Work instruction
Everything in the records below must be repeated exactly, except the pictures.

--- Task inputs ---

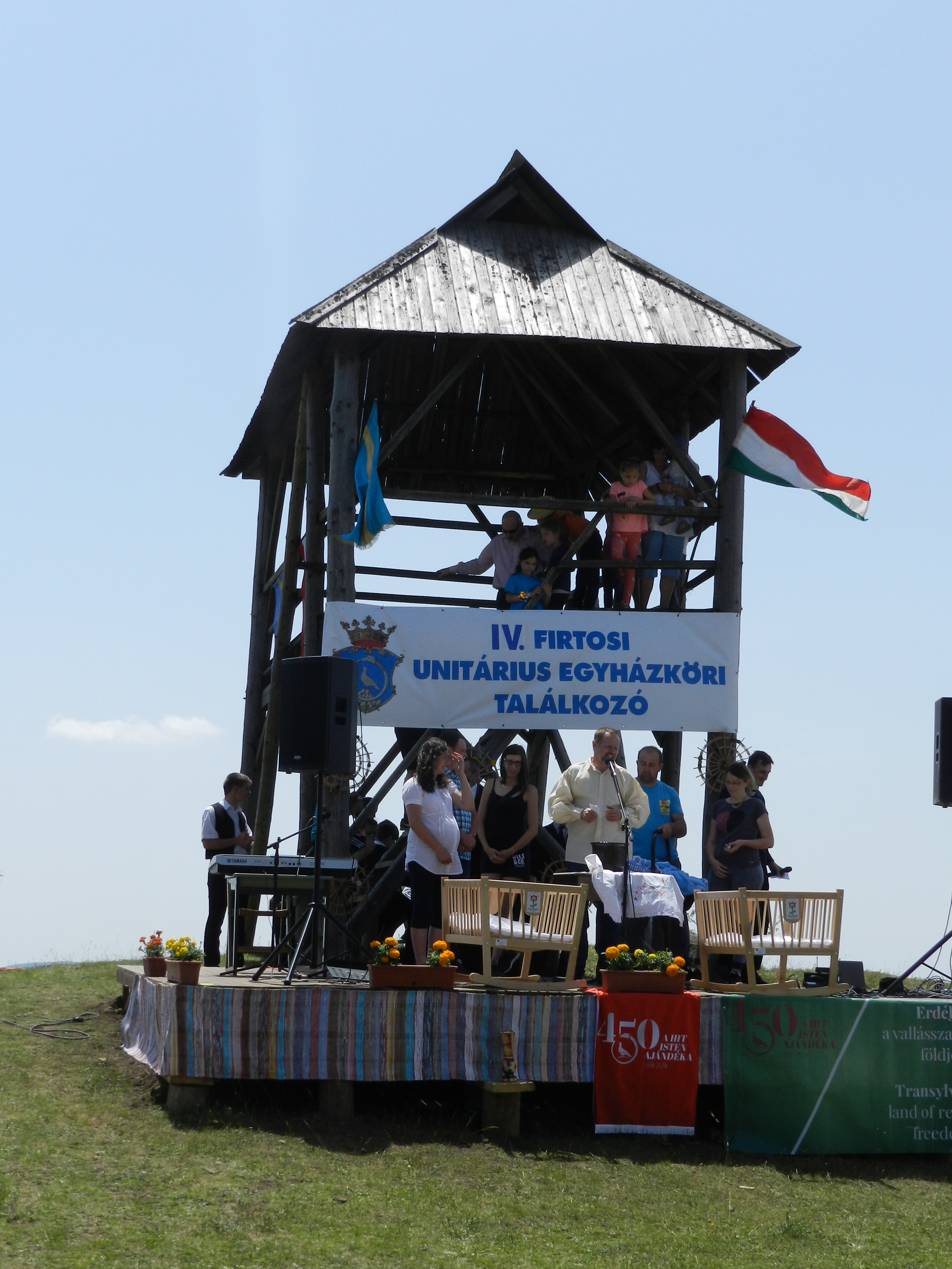 Szombaton az 1063 m magas Firtos-hegy csúcsa előterében megszervezett unitárius találkozó ünnepi istentisztelete után, a mintegy 15oo résztvevő jelenlétében 3 bölcső átadására került sor. A Kovács Gergelyné, Irénke által adományozott bölcsőt a Korond feletti Pálpatakára vitte el egy kéthetes kisbabával érkező házaspár, az Ausztráliából hazatért Soós Miklós bölcsője pedig Énlakára került hat hónapra. A harmadik bölcsőnek, amelyik Reisz Attila adományából készült, rendhagyó módon lelt gazdára, ugyanis a rendezvény kezdetekor még nem tudtuk, hogy ki viszi el. A beszédem alatt felhívást intéztem a közönséghez és felajánlottam egy bölcsőt egy olyan áldott állapotban lévő résztvevőnek, aki szívesen ringatná majd bölcsőben a gyermekét. A közönség soraiból hamar előkerült egy hegyesedő hasú asszonyka, aki nagy örömmel vette át a bölcsőt. Ő székelyudvarhelyi, de jelenleg Németországban dolgozik és ott fog ősszel szülni. A bölcsőt majd jövő nyáron Udvarhelyszéken adja tovább. Nemcsak a könyveknek, hanem a vándorbölcsőknek is megvan a sorsuk…
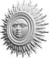 На фронтоне фасада с колонадой и полукруглым балконом размещено жизнеутверждающее полиуретановое панно "Солнце" (де0110).
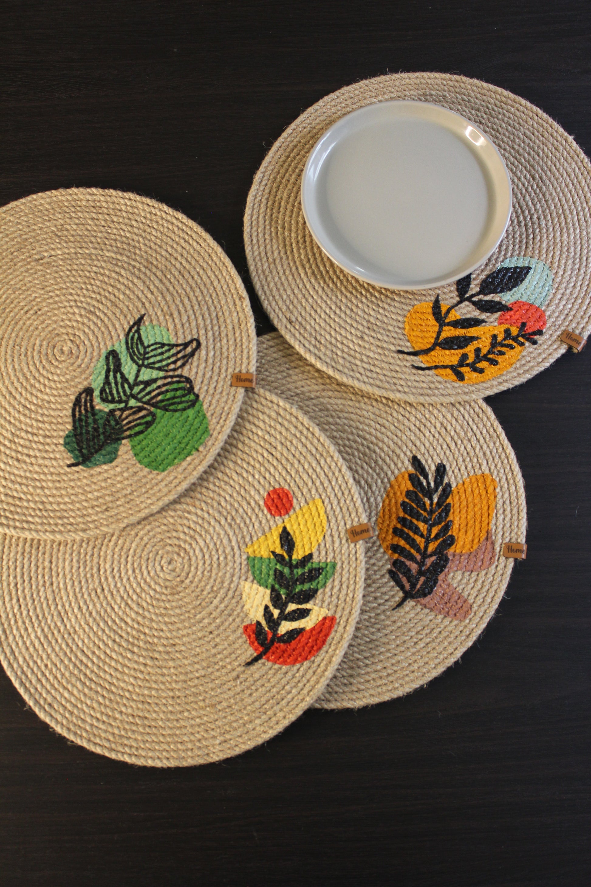 A set of 4 handmade jute placemats with handpainted designs. Washable, flame-resistant, and perfect for adding elegance to your table.
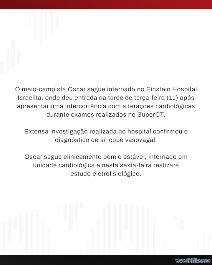 11月14日讯 圣保罗俱乐部官方发布公告,就34岁奥斯卡此前体检时眩晕、腹黑查验特出一事作念出公告。
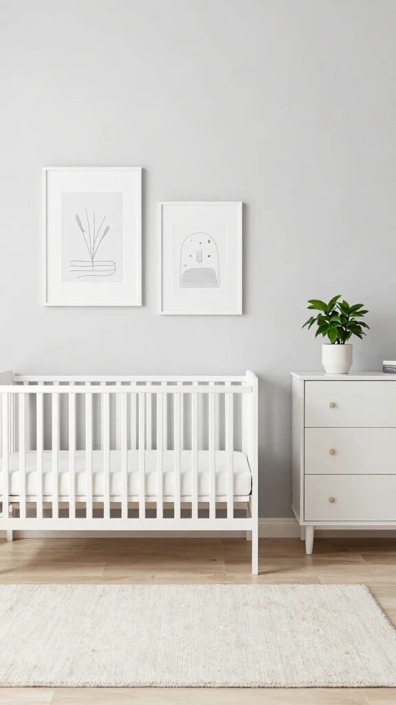 A minimalist nursery feels open and breathable, promoting tranquility and comfort for both baby and parent.

---

Result for this exercise
 Szombaton az 1063 m magas Firtos-hegy csúcsa előterében megszervezett unitárius találkozó ünnepi istentisztelete után, a mintegy 15oo résztvevő jelenlétében 3 bölcső átadására került sor. A Kovács Gergelyné, Irénke által adományozott bölcsőt a Korond feletti Pálpatakára vitte el egy kéthetes kisbabával érkező házaspár, az Ausztráliából hazatért Soós Miklós bölcsője pedig Énlakára került hat hónapra. A harmadik bölcsőnek, amelyik Reisz Attila adományából készült, rendhagyó módon lelt gazdára, ugyanis a rendezvény kezdetekor még nem tudtuk, hogy ki viszi el. A beszédem alatt felhívást intéztem a közönséghez és felajánlottam egy bölcsőt egy olyan áldott állapotban lévő résztvevőnek, aki szívesen ringatná majd bölcsőben a gyermekét. A közönség soraiból hamar előkerült egy hegyesedő hasú asszonyka, aki nagy örömmel vette át a bölcsőt. Ő székelyudvarhelyi, de jelenleg Németországban dolgozik és ott fog ősszel szülni. A bölcsőt majd jövő nyáron Udvarhelyszéken adja tovább. Nemcsak a könyveknek, hanem a vándorbölcsőknek is megvan a sorsuk…
 На фронтоне фасада с колонадой и полукруглым балконом размещено жизнеутверждающее полиуретановое панно "Солнце" (де0110).
 A set of 4 handmade jute placemats with handpainted designs. Washable, flame-resistant, and perfect for adding elegance to your table.
 11月14日讯 圣保罗俱乐部官方发布公告,就34岁奥斯卡此前体检时眩晕、腹黑查验特出一事作念出公告。
 A minimalist nursery feels open and breathable, promoting tranquility and comfort for both baby and parent.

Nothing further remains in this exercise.